La Langue des Calculs (1798) : Condillac et l’enseignement des mathématiques
Le traité de mathématiques élémentaires que Condillac rédige à la fin de sa carrière, La langue des calculs, n’a pas connu le destin heureux des grands textes qui firent la gloire philosophique de l’abbé (Essai sur l’origine des connaissances humaines 1746, Traité des sensations 1754 etc.). Publié de façon posthume en 1798, cet ouvrage inachevé reçut un accueil réservé des contemporains (même les « idéologues », que l’on peut considérer comme les héritiers intellectuels de Condillac, ne furent pas unanimes à son sujet), avant de tomber assez rapidement dans l’oubli dès le milieu du 19e siècle. Quoique les raisons de ce parcours sans éclat soient multiples, le livre semble avoir surtout pâti, outre le fait de n’avoir pas pour auteur un authentique mathématicien, du caractère apparemment flou et hybride de ses finalités : s’agit-il d’un ouvrage pédagogique à destination des commençants ? D’un traité proposant, à un public de philosophes avertis, une théorie génétique de l’arithmétique et de l’algèbre ? Des deux à la fois ? Son inachèvement, enfin, ne pouvait manquer de susciter des doutes : fallait-il n’y voir qu’un événement accidentel dû à la mort de Condillac ou au contraire l’indice d’une difficulté plus profonde, remettant en cause le bien-fondé de l’entreprise elle-même ?

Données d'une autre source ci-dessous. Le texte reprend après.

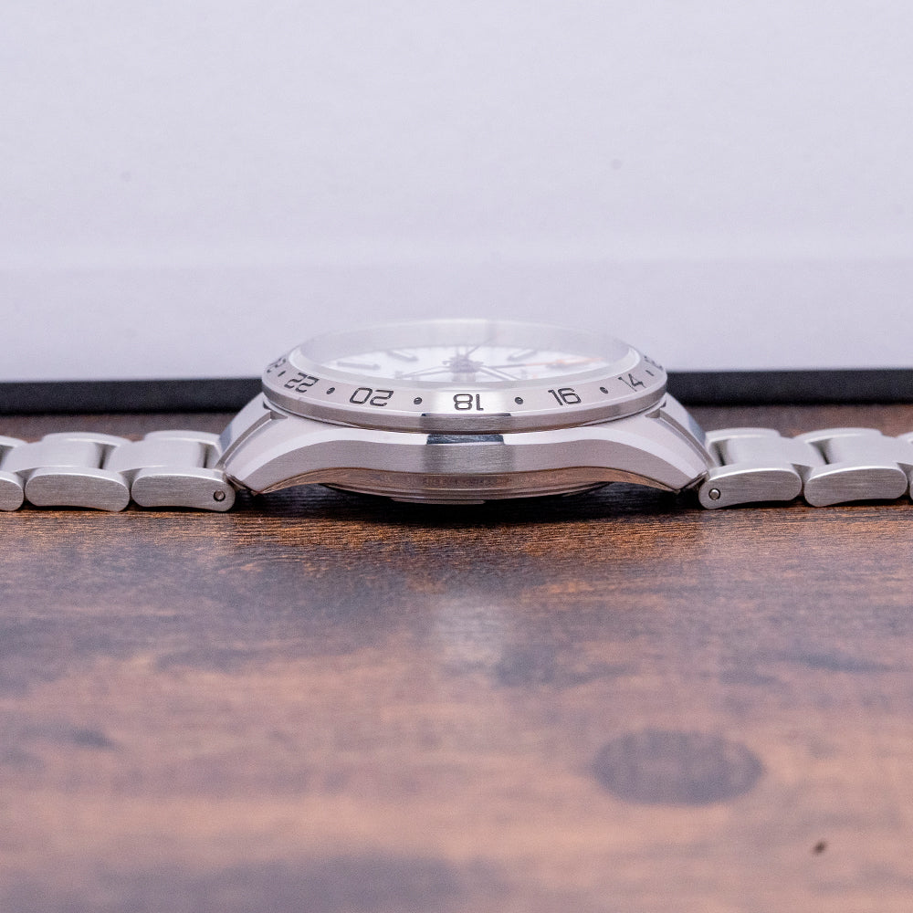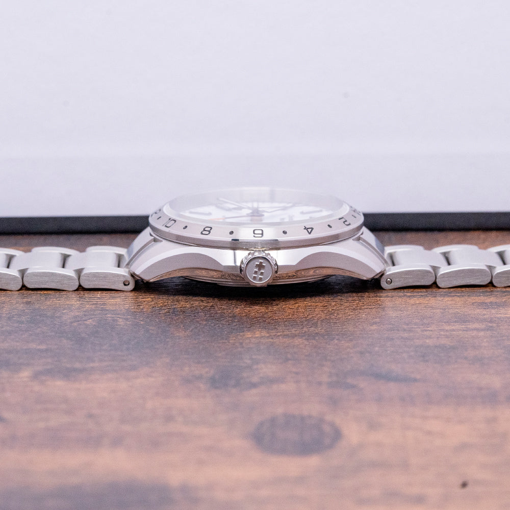 Here we have a 2022 Christopher Ward C63 Sealander GMT that has a 39mm 316L marine-grade stainless steel Light-catcher case that gently curves over your wrist with tapered lugs and a lug-to-lug length of 45.5mm and a case thickness of 12mm, ensuring a comfortable fit. Brushed and polished surfaces transition with crisp edges that play with the light as you rotate your wrist, hence the name. On the right side is a screw-down signed crown with an embossed Christopher Ward motif. A fixed 24-hour brushed bezel has black lacquer-filled numerals and holds an anti-reflective sapphire crystal. The white polished lacquered dial has an outer minute chapter ring with printed Arabic numerals and an orange pip, applied bevel-edged gun-metal diamond polished baton indexes with a strip of Super-LumiNova Grade X1 BL C1 down their centres to mark the hours, the polished edges magically catch the light. At 6 o’clock, a date window. Brushed and polished gun-metal hands are filled with the same luminance complemented by an orange-tipped GMT arrow hand and an orange-tipped sweeping second hand, complete with the characteristic Trident counterweight. Text is precisely applied with a splash of orange at 6 o’clock, indicating its water resistance. This go-anywhere, do-everything watch is perfectly balanced. On the reverse, a screw-down exhibition case back, inside an automatic Sellita SW330-2, 25 jewels, 28,800 beats per hour, with a bespoke “Colimaçoné” finishing (a type of twisting sunray graining). The rotor has a double Twin-flag engraving across it. The watch comes paired with a Christopher Ward 20mm 3-link brushed stainless steel bracelet secured by a signed clasp, all links are provided, and the watch also comes with its Christopher Ward presentation box and papers.

La présente étude se propose de discuter ces questions au moyen d’une double mise en perspective : d’une part en replaçant La langue des calculs au sein de la philosophie condillacienne, de sa logique propre et de son évolution interne ; d’autre part et de façon plus générale, en rapportant les thèses pédagogiques développées dans l’ouvrage au débat, entamé dès le siècle précédent, qui oppose, concernant la « méthode de doctrine » la mieux appropriée à l’enseignement des mathématiques, les tenants de la voie dite « synthétique » aux tenants de la voie dite « analytique ».